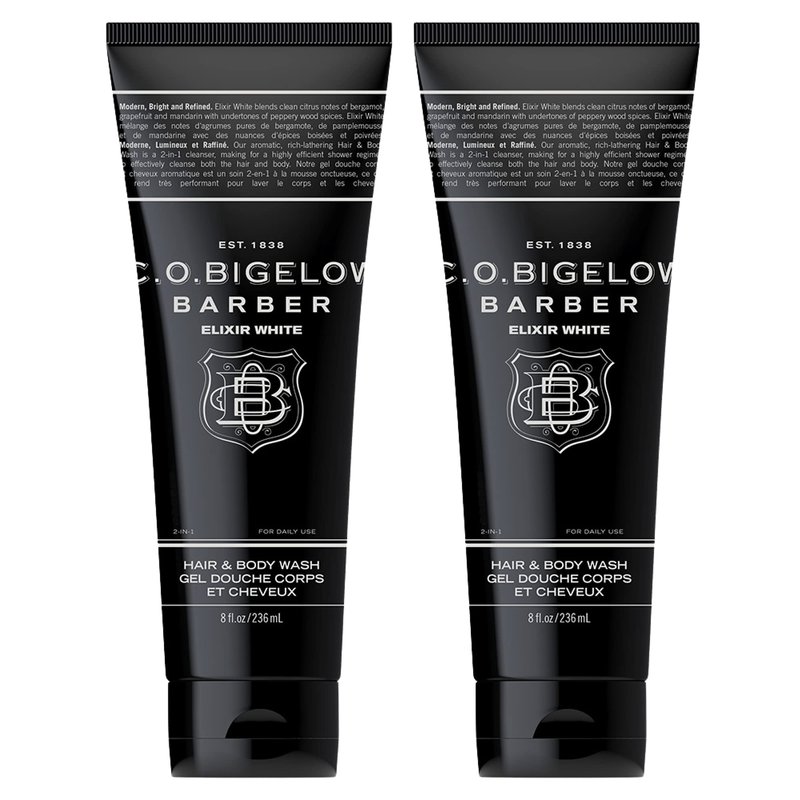 C.O. Bigelow Men's Hair and Body Wash, Elixir White, No. 1607, 8 fl oz, Mens Body Wash & Shampoo, Citrus & Bergamot Moisturizing Mens Shampoo & Body Cleanser, Pack of 2
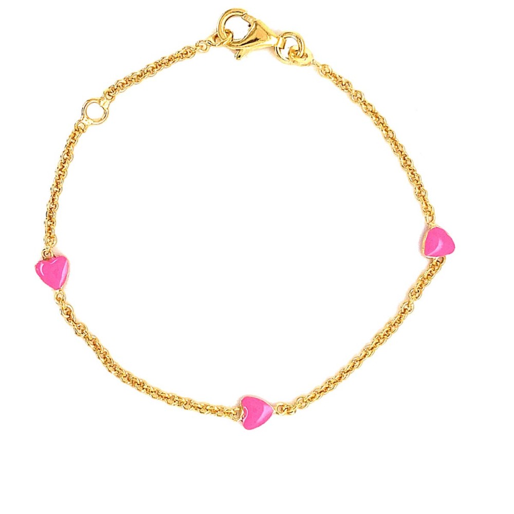 Βραχιόλι παιδικό για κορίτσι από επιχρυσωμένο ασήμι 925 με ροζ καρδούλες.
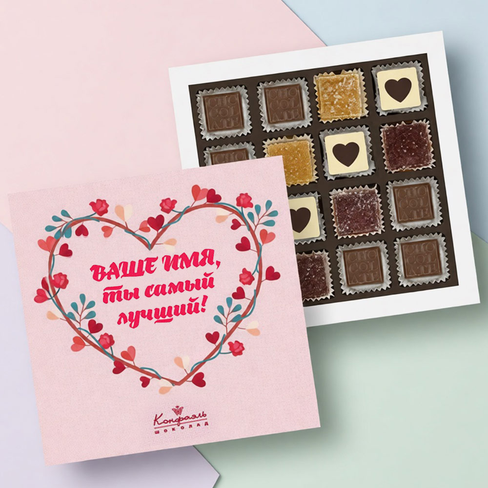 Ваш текст на наборе конфет «Ты самый лучший» (солобокс розовый)
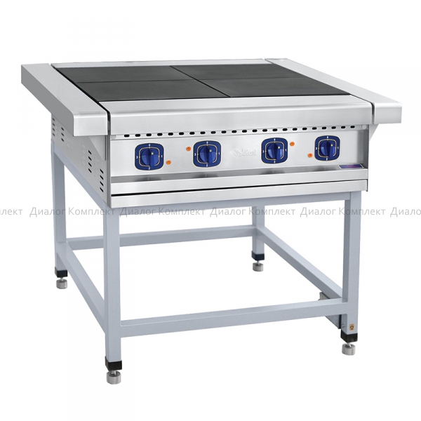 Плита электрическая четырехконфорочная без жарочного шкафа ЭП-4П на подставке предназначена для приготовления первых, вторых, третьих блюд в наплитной посуде, а также для жарки полуфабрикотов из мяса, рыбы, овощей и выпечки мелко штучных кулинарных изделий. Основные характеристики ЭП-4П - чугунные конфорки 295x417 мм; - мощность каждой конфорки 3 кВт; - разогрев до +480 °C за 30 минут; - 4-х позиционные переключатели; - подставка из окрашенного металла; - регулируемые по высоте ножки.
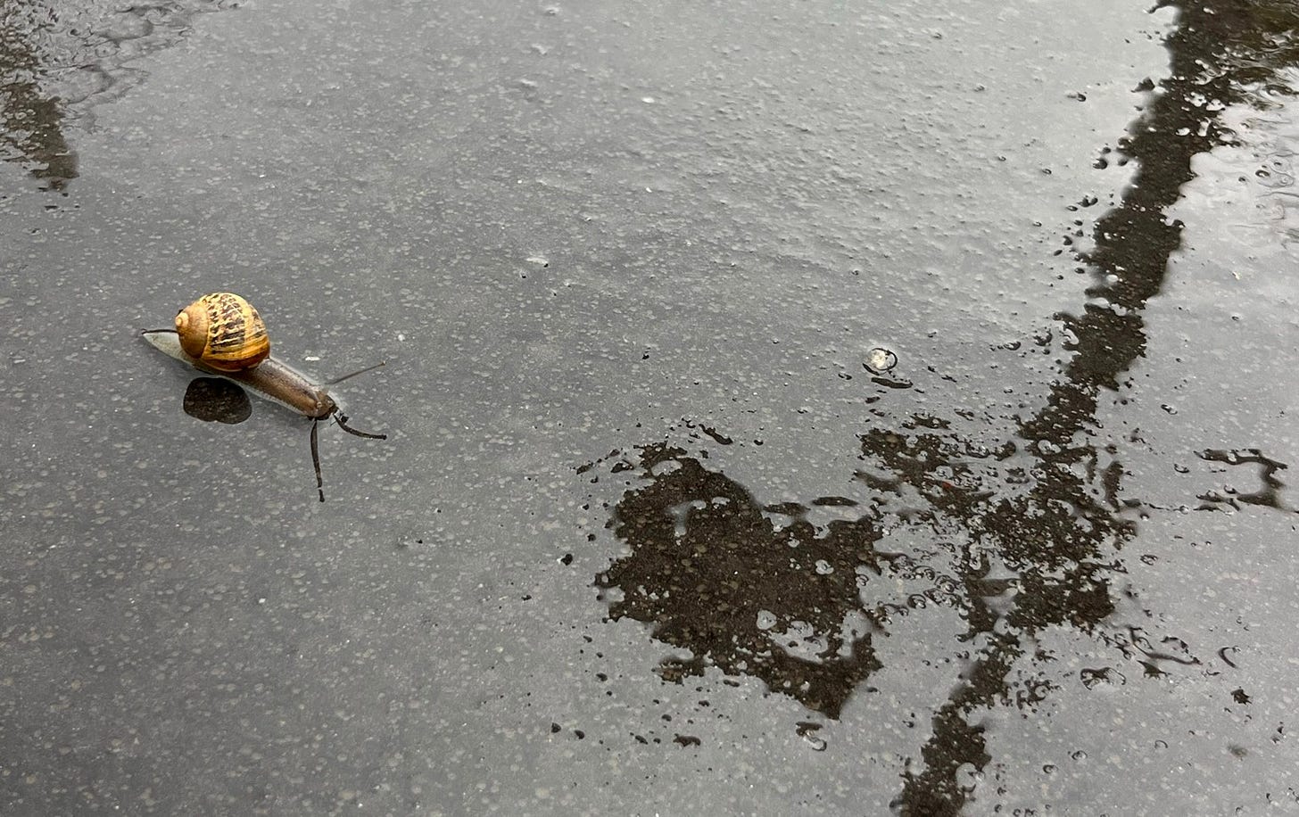 De las primeras semanas que estuve aquí en París, fui con Amanda a la house of braziI de los juegos olímpicos. Es el primer día que recuerdo la lluvia. Después de eso, han seguido muchos otros. (Aunque justo ahora mismo esté sentada en una cafetería donde hace 10 minutos daba el sol, con Daniela, mi compi de piso, mientras cada una teclea en su ordenador). Volviendo al primer día de lluvia, nada más salir del metro nos encontramos la calzada llena de caracoles. Caminamos con cuidado para no pisar ninguno. Saqué una foto al pensar que hacía mucho que no veía un caracol. Antes de aquel día de lluvia, realmente hacía mucho tiempo que no veía un caracol. Lo sentí algo casi de la infancia, ligado a un evento extraordinario en el patio del cole, o a el jardín en verano después de la lluvia. Le mandé una foto a Luna en la que le escribí; la vida lenta de parís! Y luego escribí más para mí; un poco de esperanza, porque en parís también hay cosas que van despacio.

- - - - - - -

Exactly the lines from the start of the entries above through the line with "Ваш текст на" should be reproduced, and nothing else; drop the pictures.

▸ **RESPONSE AREA**:
 C.O. Bigelow Men's Hair and Body Wash, Elixir White, No. 1607, 8 fl oz, Mens Body Wash & Shampoo, Citrus & Bergamot Moisturizing Mens Shampoo & Body Cleanser, Pack of 2
 Βραχιόλι παιδικό για κορίτσι από επιχρυσωμένο ασήμι 925 με ροζ καρδούλες.
 Ваш текст на наборе конфет «Ты самый лучший» (солобокс розовый)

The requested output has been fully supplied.